**WHAT YOU ARE ASKED TO DO:** Quote from the first line below through the line that contains "There are many", both included, and leave the pictures out.

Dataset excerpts
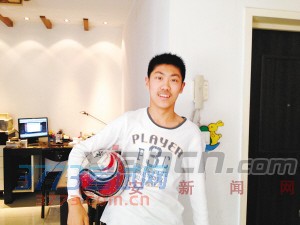 中考第一名吴天阔是个爱足球的阳光男孩 记者 李安定 摄
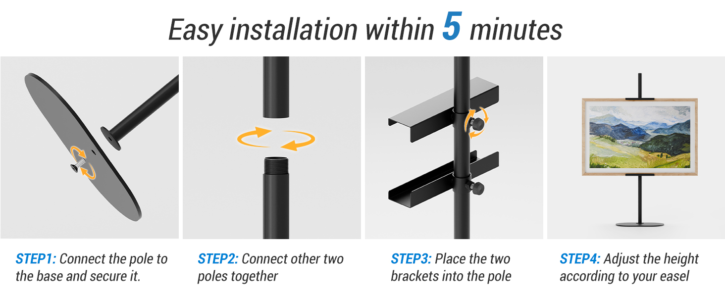 - Height Adjustable Picture Frame Stand: Supports frames up to 30" tall for ideal display height; durable hard metal construction with waterproof and rust proof surface coating maintains stability for years
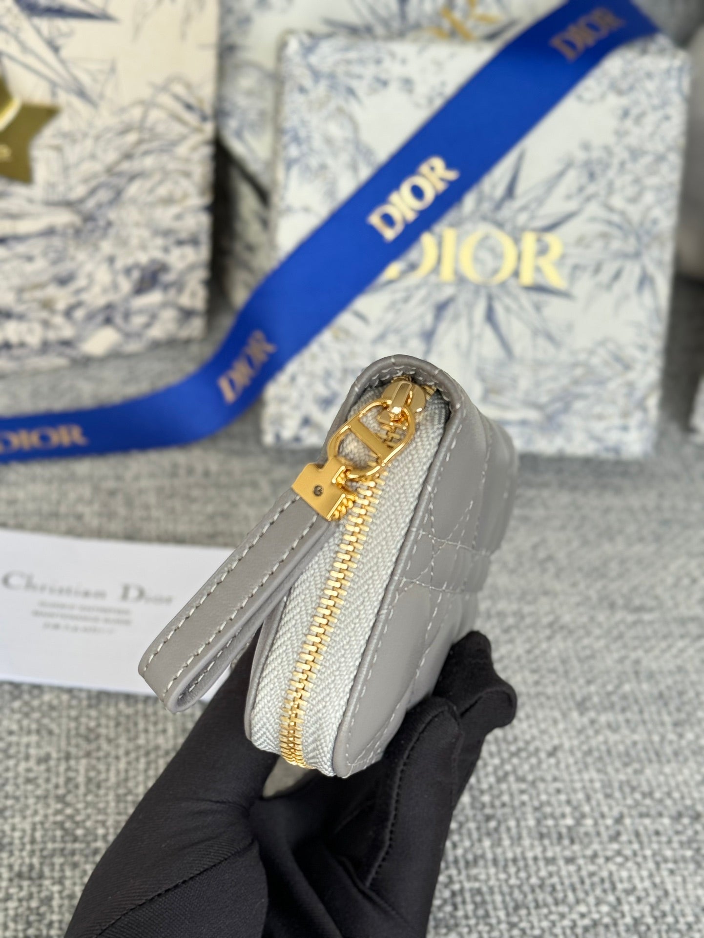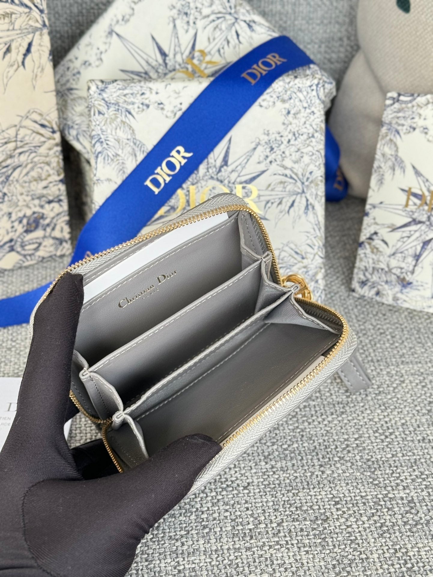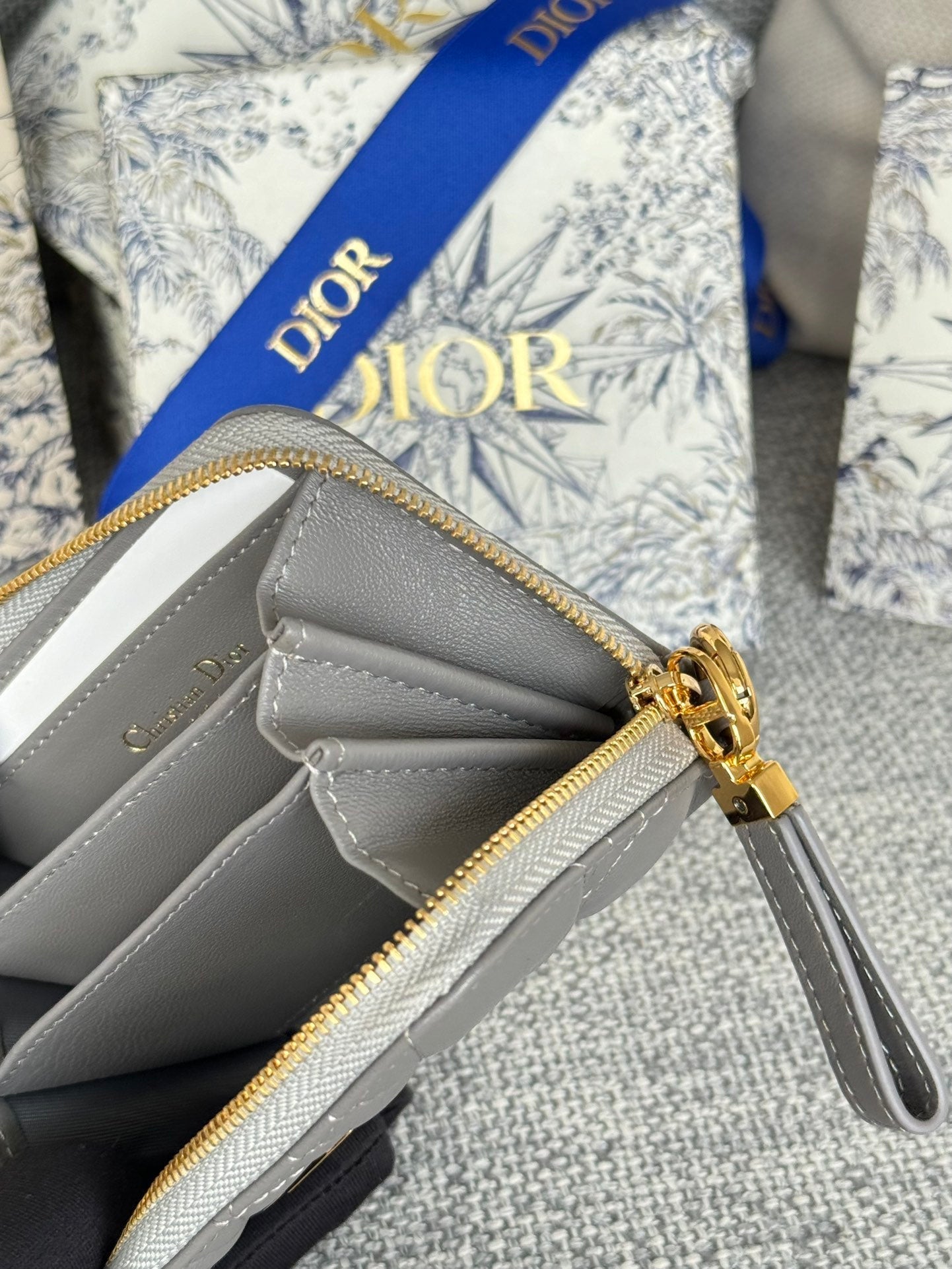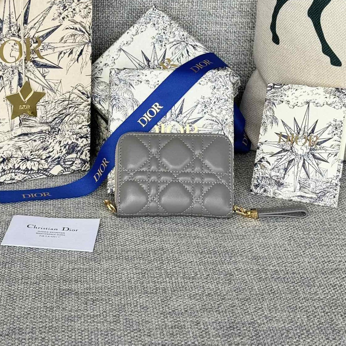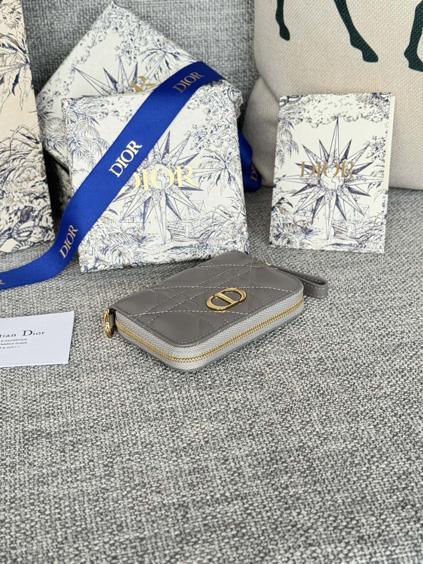 CD Logo Caro 11cm Compact Wallet Grey Calfskin
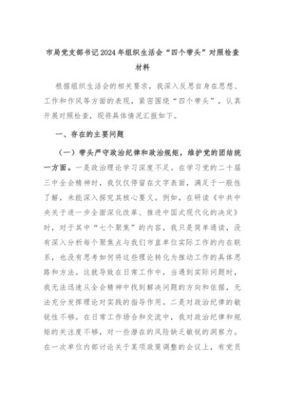 / 市局党支部书记2024年组织生活会“四个带头”对照检查材料
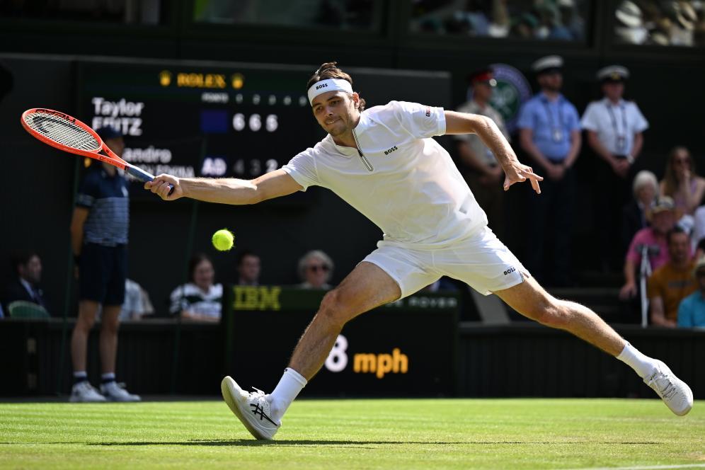 7月4日,弗里茨在比賽中回球。新華社記者 趙丁喆 攝
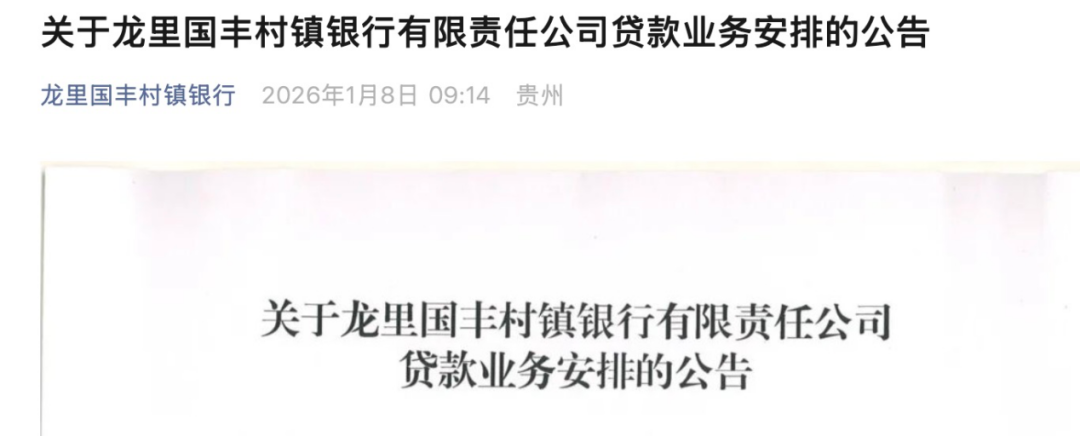 在讨论声中,近日,龙里国丰村镇银行和贵州银行发布了贷款、存款业务的调整公告。
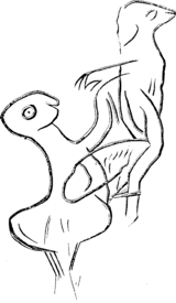 There are many representations of animals, anthropomorphs (human-like figures), and ideomorphs (including penises, vulvas, tools, and more abstract images).
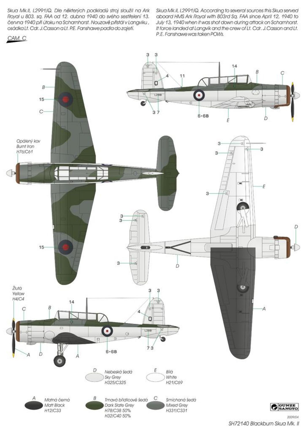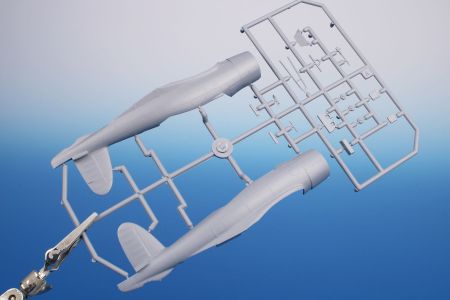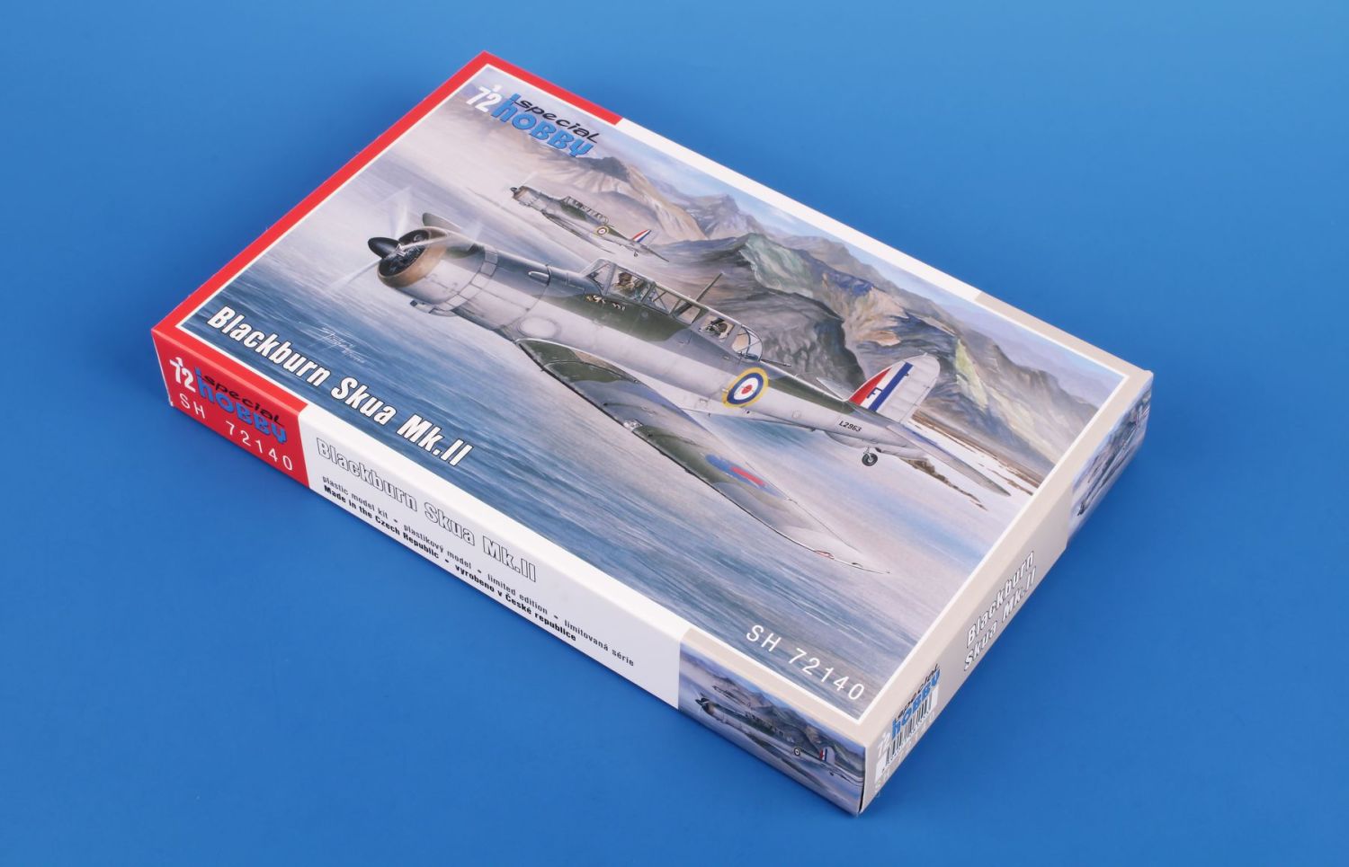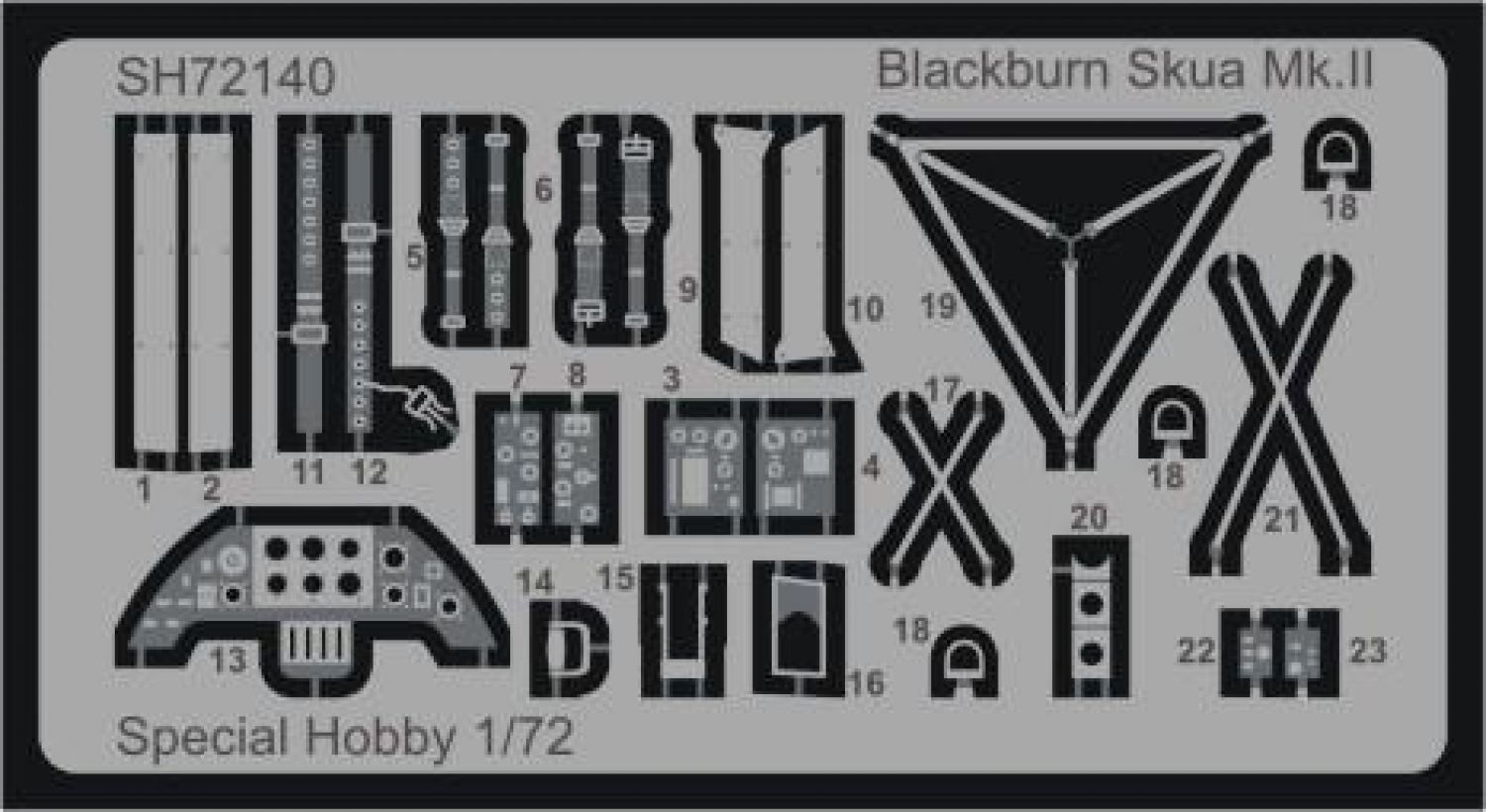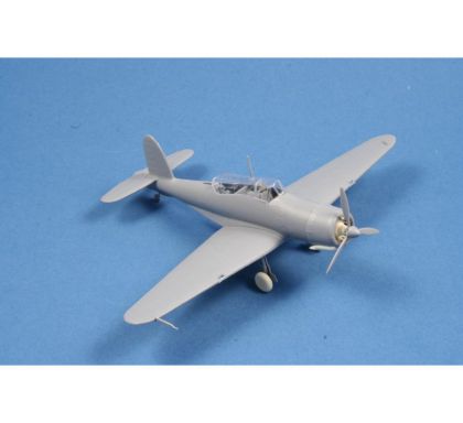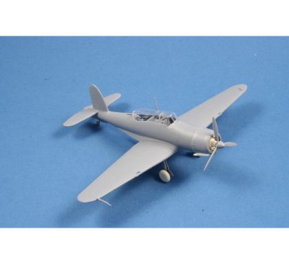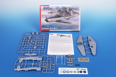 In 1934, the Air Ministry issued specifications O.27/34. They contained requirements for a multi-role aircraft for shipboard service. The aircraft was to be operated as a fighter as well as a dive bomber. A fighter for aircraft carriers in the British concept of the time was a two-seater aircraft designed for long operational flights and combat with enemy reconnaissance aircraft. Combat against enemy bombers, let alone fighters, was not envisaged. The B.24 project by the chief designer of the Blackburn company, Eng. G.E. Petty, was chosen as the best one. Petty designed an all-metal low-wing aircraft with folding wings and retractable landing gear. Under the fuselage, the aircraft had a arresting hook and a recess for a bomb of up to 226 kg. The first prototype, later named Skua Mk.I, took off on 9 February 1937. After successful tests, serial production began immediately. The production aircraft were powered by Bristol Perseus XII engines and were designated Skua Mk.II. They were delivered to fighter squadrons Nos. 800, 801, 803 and 806, and were also supplied to training squadrons and target towing units. Despite the rush in production, they were considered obsolete in the fighter role. With the outbreak of war, Skua aircraft quickly entered combat, operating from both aircraft carriers and land bases. In the first bombing attack on a German submarine on 14 September, two Skuas from a three aircraft section were lost to their own low-quality bombs. On 26 September, two aircraft from No 803 sqn shot down an enemy Dornier Do 18. This was the first confirmed British aerial victory of the Second World War. The Skua is closely associated with more firsts. During the Norwegian Campaign on 10 April 1940, sixteen Skuas sank the German cruiser Königsberg. No 800 Sqn., led by Capt. R.T. Partridge, and No 803 Sqn., led by Lt. W.P. Lucy, took off from Hatston in the Orkneys. This was the first successful air attack on a battleship during the Second World War. Skuas took part in the Battle of Dunkirk and on board HMS Ark Royal they intervened in the fighting in the Mediterranean. Here the Skua achieved another first, on 3 July 1940, a Skua from Ark Royal fought against fighters from a former ally, France. It became the first British aircraft to fight against the French and also the first to be lost in this undeclared war. The last Skuas were withdrawn from HMS Ark Royal in April 1941. They then served only with non-combat squadrons. Their combat career was relatively short, but despite the low performance of the Skuas as a fighter, several aces with more than five kills were achieved on them. As bombers they could have been much more successful, but they were not properly used by the Admiralty, to the detriment of the Royal Navy. We are returning the model to the offer after several years. Two ssprues made of grey plastic are joined by a sprue of clear parts, etchings and detailed PUR parts. Decals are offered for three machines in FAA camouflage scheme.

**EXPECTED OUTPUT:**
 中考第一名吴天阔是个爱足球的阳光男孩 记者 李安定 摄
 - Height Adjustable Picture Frame Stand: Supports frames up to 30" tall for ideal display height; durable hard metal construction with waterproof and rust proof surface coating maintains stability for years
 CD Logo Caro 11cm Compact Wallet Grey Calfskin
 / 市局党支部书记2024年组织生活会“四个带头”对照检查材料
 7月4日,弗里茨在比賽中回球。新華社記者 趙丁喆 攝
 在讨论声中,近日,龙里国丰村镇银行和贵州银行发布了贷款、存款业务的调整公告。
 There are many representations of animals, anthropomorphs (human-like figures), and ideomorphs (including penises, vulvas, tools, and more abstract images).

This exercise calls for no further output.